Erin Dolan is the Georgia Athletic Association Professor of Innovative Science Education at the University of Georgia. Dolan is a biochemist known for her research on engaging students in science research.

Education and career 
Dolan has a B.A. in biology from Wellesley College (1993) where she did an honors thesis on SCPb, a neurotransmitter in the American lobster. She earned a Ph.D. in neuroscience from the University of California, San Francisco where she worked on developmental plasticity in the nematode Caenorhabditis elegans.

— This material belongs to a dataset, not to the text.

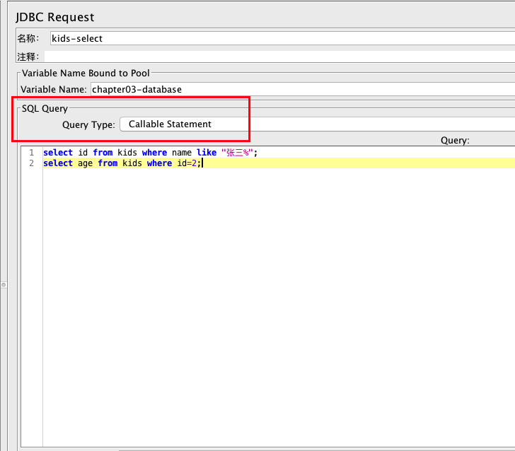 Sampler 中,SQL Query -> Query Type

Following her Ph.D., she worked at the University of Arizona for two years before moving to Virginia Tech in 2002. In 2011, Dolan moved to the University of Georgia where she was named the Georgia Athletic Association Professor of Innovative Science Education in 2016. From 2014 until 2016 she was the executive director of the Texas Institute for Discovery Education in Science at the University of Texas at Austin.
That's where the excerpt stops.